Robert Creeley at the Wilderness House in Littleton, Mass.

 

 ** Shortly before his death I had the pleasure to spend an afternoon with Robert Creeley. The Wilderness House Literary Retreat founded by Steve Glines hosted him, and I happened to be on the board for the retreat. The retreat closed after a few years--but we had quite a few interesting guests like Lois Ames, Afaa Michael Weaver, and a number of others...



Robert Creeley at the Wilderness House in Littleton, Mass.

By Doug Holder

 

It is always exciting to help start a new literary venture. Steve Glines, the founder of the “Wilderness House Literary Retreat” in Littleton, Mass. asked me to be a founding board member last Summer, and finally on Dec. 11 2004 we had our first event. We managed to get the renowned poet Robert Creeley as our first guest. Lo Galluccio, a poet and a friend of mine, joined me and we caught a train out of Porter Square, Cambridge to the hinterlands of Littleton, Mass. Steve Glines met us there and ferried us up to the “New England Forestry Foundation” lodge where the first event was to be held. The actual hunting lodge, where the retreat will be housed hopefully by the late Summer of 2005, is currently being renovated. Later, we inspected the premises, and found it full of promise, not to mention a spectacular view of the nature preserve below.

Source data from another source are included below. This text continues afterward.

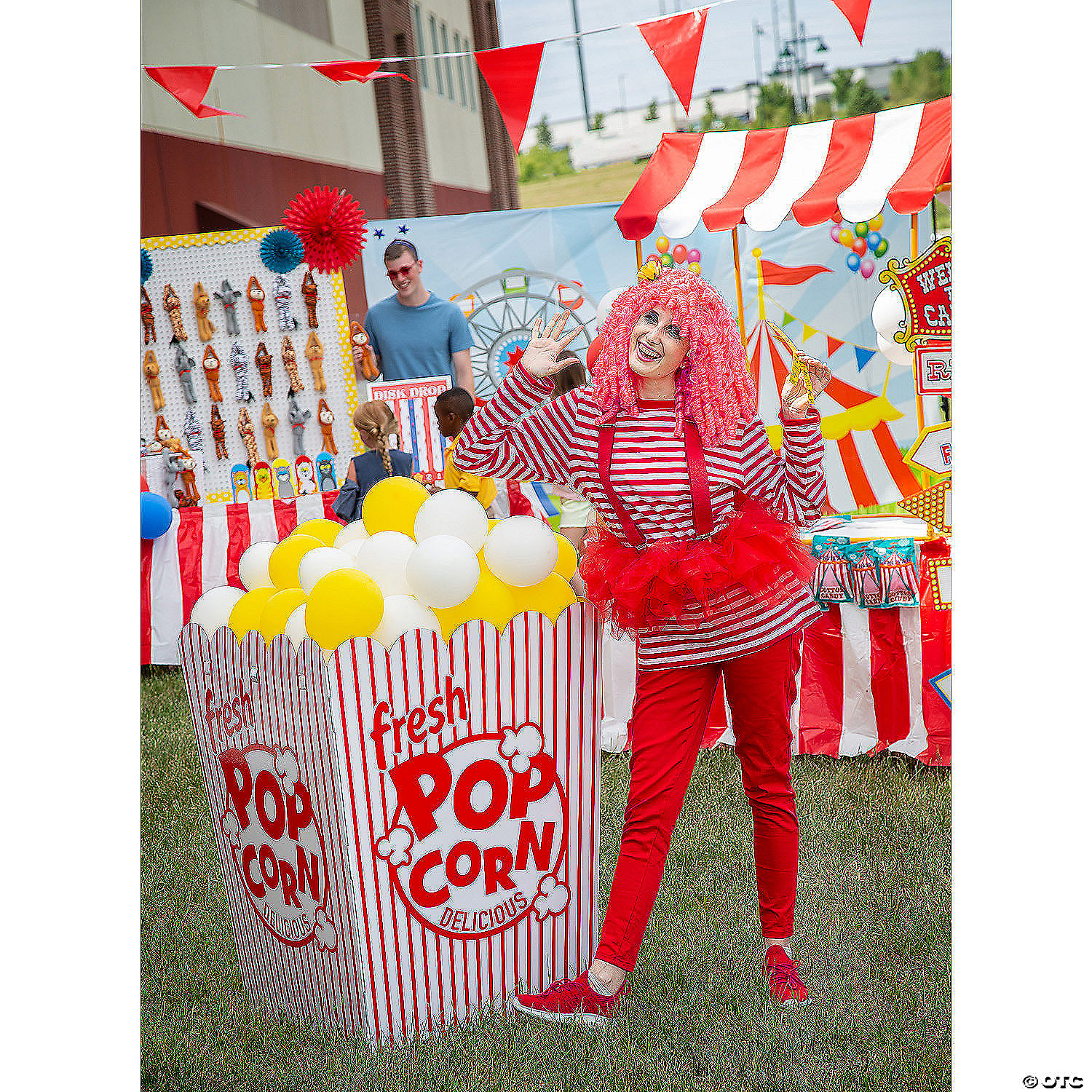 We hope you have a big appetite for fun! A great addition to movie night, carnival and party decorations, this stand-up comes designed to look like a very large popcorn box, complete with popped kernels. Kiddos and adults will both love posing with this oversized photo prop. To give the look of an overflowing offering of popcorn, simply tape the balloons to the top. Hold the butter, please! Includes 12 white and 12 yellow 9" latex balloons. Simple assembly required. © OTC
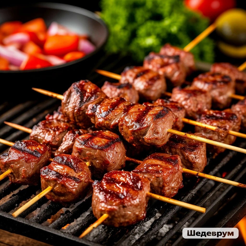 Простой и вкусный рецепт шашлыка из курицы: Ингредиенты: - Куриное филе — 1 кг - Лук — 2-3 шт. - Чеснок — 3-4 зубчика - Растительное масло — 100 мл - Уксус (яблочный или винный) — 2 ст. ложки - Специи: соль, черный перец, паприка, зира по вкусу - Лавровый лист — 2-3 шт. (по желанию) Приготовление: 1. Подготовка курицы: Нарежьте куриное филе на кусочки размером 3-4 см. 2. Маринад: В глубокой миске смешайте растительное масло, уксус, соль, черный перец, паприку и зиру. Добавьте мелко нарезанный лук и выдавленный чеснок. Перемешайте. 3. Маринование: Поместите куриные кусочки в маринад, тщательно перемешайте, чтобы каждый кусочек был покрыт смесью. Накройте пленкой и оставьте мариноваться на 1-3 часа в холодильнике. 4. Нанизывание на шампуры: После маринования, наденьте куриные кусочки на шампуры. Можно чередовать с овощами (перец, помидоры, лук). 5. Жарка: Разогрейте гриль или мангал до средней температуры. Жарьте шашлык, периодически переворачивая, примерно 15-20 минут, пока курица не
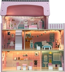 Velký dřevěný domeček pro panenky KRUZZEL s LED osvětlením, 3 patry a 5 pokoji s balkonem potěší každé dítě. Je bezpečný a pevný, vyrobený z hladce broušeného dřeva bez ostrých hran. V balení najdete kompletní sadu nábytku a doplňků, takže zábava může začít hned po sestavení. Teplé bílé světlo vytváří kouzelnou atmosféru i při večerním hraní.
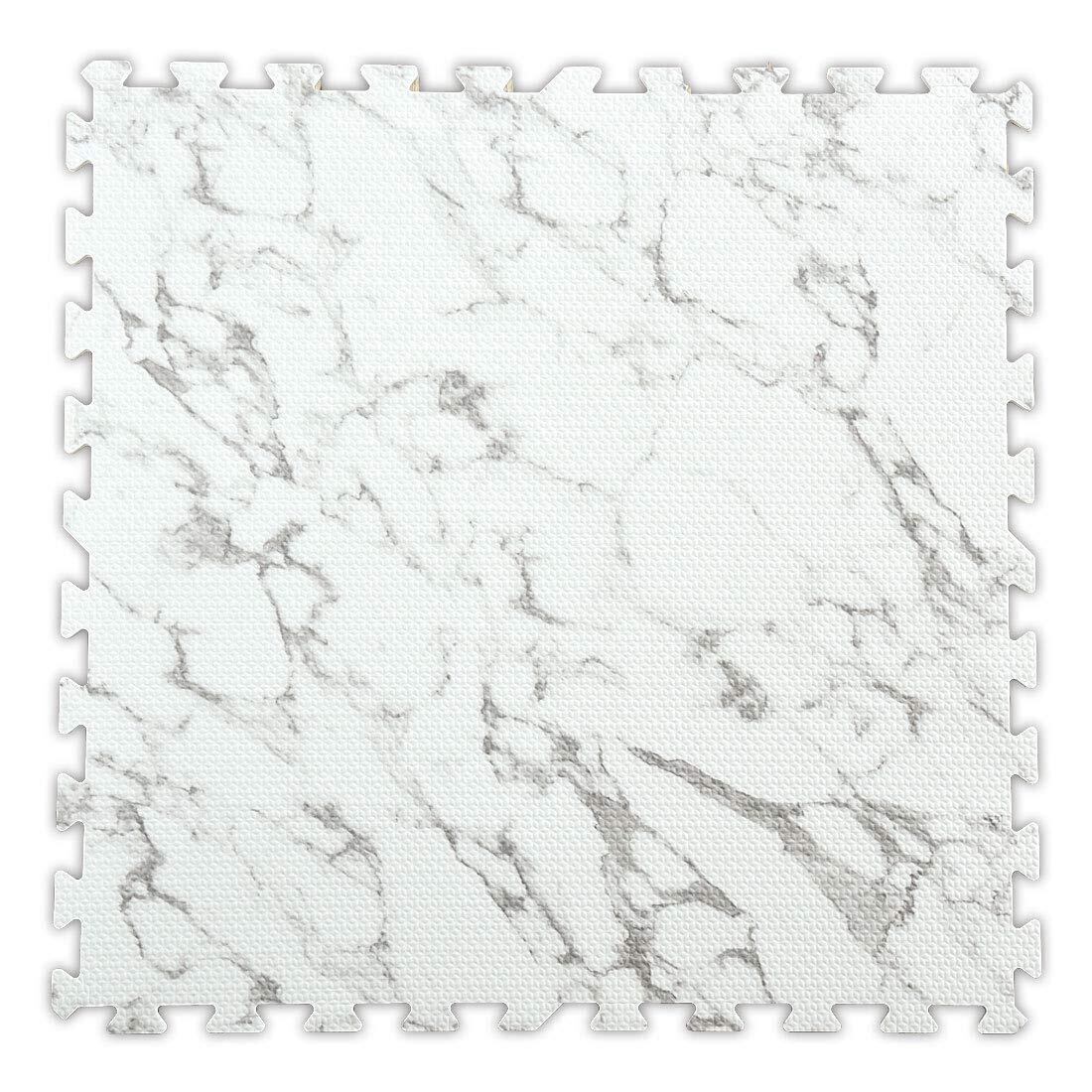 タンスのゲン ジョイントマット 大判59cm 厚み10mm 6畳用 32枚組 防音 保温性 床暖房対応 ノンホルムアルデヒド サイドパーツ付き 大理石調 マーブルホワイト 31800003 (65136)
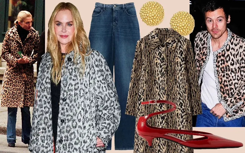 In an elongating coat silhouette, wearing a lot of leopard print can still look elegant. Black or white wide-leg trousers and simple ballet flats complete the look – the intended vibe is sleek, like Carolyn Bessette Kennedy in the 1990s, rather than fierce and fluffy à la Kat Slater in the Queen Vic.
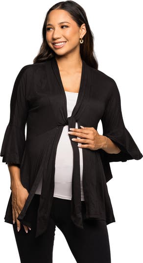 Add effortless elegance to your everyday looks with this tie front maternity cardigan top. Featuring flowy bell sleeves and a flattering open front with a tie closure, it layers beautifully over casual or dressy outfits. The soft fabric and feminine cut make it a versatile piece for year round wear.
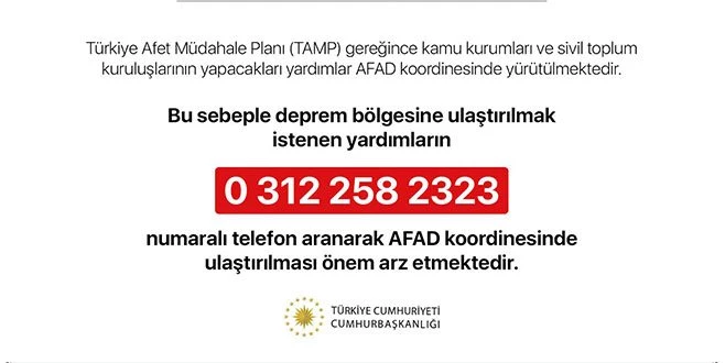 Tekirdağ Valiliği`nden yapılan duyuruda, Türkiye Afet Müdahale Planı (TAMP) gereğince kamu kurumları ve sivil toplum kuruluşlarının yapacakları yardımların AFAD koordinesinde yürütüldüğü belirtilerek, Elazığ`da yaşanan deprem nedeniyle bölgeye yapılacak yardımların 0 312 258 23 23 numaralı telefon aranarak AFAD koordinesinde ulaştırılması istendi.
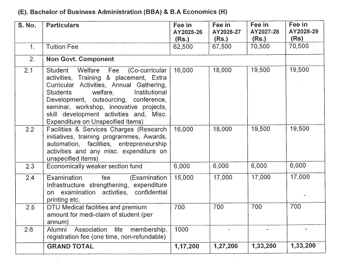 Prestigious companies like Google, Microsoft, and TCS are among the key recruiters. Internships are compulsory in the second year, with placement eligibility starting from the third year. Internship fairs feature around 50 companies, offering approximately 1,200 opportunities, with stipends ranging from unpaid to 20,000 INR per month. The BBA program at Delhi Technology University (DTU) costs between INR 3,00,000 and INR 5,60,000 over three years, with annual tuition fees from INR 90,000 to INR 1,80,000.
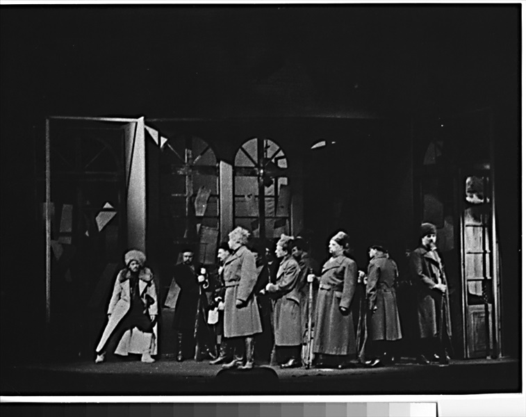 Alexandr P. Nězelasov:Eduard Kohout; Naděžda Semjonovna:Jarmila Kronbauerová; Semjon Semjonyč:Jiří Steimar; Serjoža:Josef Pehr; Varja:Jiřina Petrovická; Ivan A. Obab:Vladimír Leraus; Nikita J. Veršinin:Jaroslav Průcha; Nastasjuška:Alena Jančaříková; Míša:Václav Švorc; Pentěflij Znobov:Vítězslav Vejražka; Sin-bin-u:Emil Bolek; Ilja G. Peklevanov:Otomar Krejča; Máša:Marie Burešová; Semjonov:Miroslav Doležal; Sergěj P. Petrov:Emil Konečný; Vaska Okorok:Soběslav Sejk; Stařec:Jaroslav Vojta; Přednosta stanice:František Kreuzmann st.; Nikiforov:Vladimír Řepa; Japonec:Miroslav Horníček; Zajatý americký voják:Josef Mixa; Filonov:František Filipovský; Mladý rybář:Václav Hudeček; Voják pobřežní hlídky:Bohuš Hradil; Madame Vorobjevová:Marie Vášová; Učitel:Miroslav Horníček; Stařeček:Miloš Nesvadba; Stařenka:Lída Sudová; Samotářka:Eliška Poznerová; Voják z obrněného vlaku:Teodor Strejcius; Zajatý mužík:František Roland; Stařešina:Zdeněk Šavrda; Žena v růžovém šátku:Luba Skořepová; Mužík přivádějící Američana:František Velebný; Partyzán:Jaroslav Mareš; Mužík s obvazem:Bohumil Bezouška; Mladý mužík:Karel Pech; 1. dělostřelec:Václav Hudeček; 2. dělostřelec:Josef Melč; 1. dělník v železn.dílnách:Karel Pech; Mladý dělník:Miloš Nesvadba; Starý dělník:Bohuš Hradil; Americký voják:Josef Melč; Pomocník komisaře:Bohumil Bezouška; Mužík z podljisevského újezdu:Viktor Roubal

Lo and I sat down in a spacious room in the NEFF lodge, and enjoyed the crackling fireplace. Creeley was the first to arrive and looked amazingly hale and hearty, and much younger than his 78 years.



The event was advertised as a “chat” with Creeley, and that’s exactly what it was, a “chat,” not a formal lecture. Creeley was free to ramble on about his fascinating career as a literary legend. He talked about the many poets he knew; his years at the experimental “Black Mountain College,” to his experience with Jazz greats such as Miles Davis, to name one illustrious figure.

Creeley who grew up in Acton, Mass. has strong connections to Littleton, the home of the retreat. As a kid he swam at Long Lake which is just down the road from the retreat. Creeley was surprised that the natural beauty of the area has been preserved. Creeley felt that he could now thumb his nose at neighboring Concord that always had a better literary pedigree than Acton and Littleton. Creeley, tongue firmly in his cheek stated; “ I am glad to thumb my nose at Concord.”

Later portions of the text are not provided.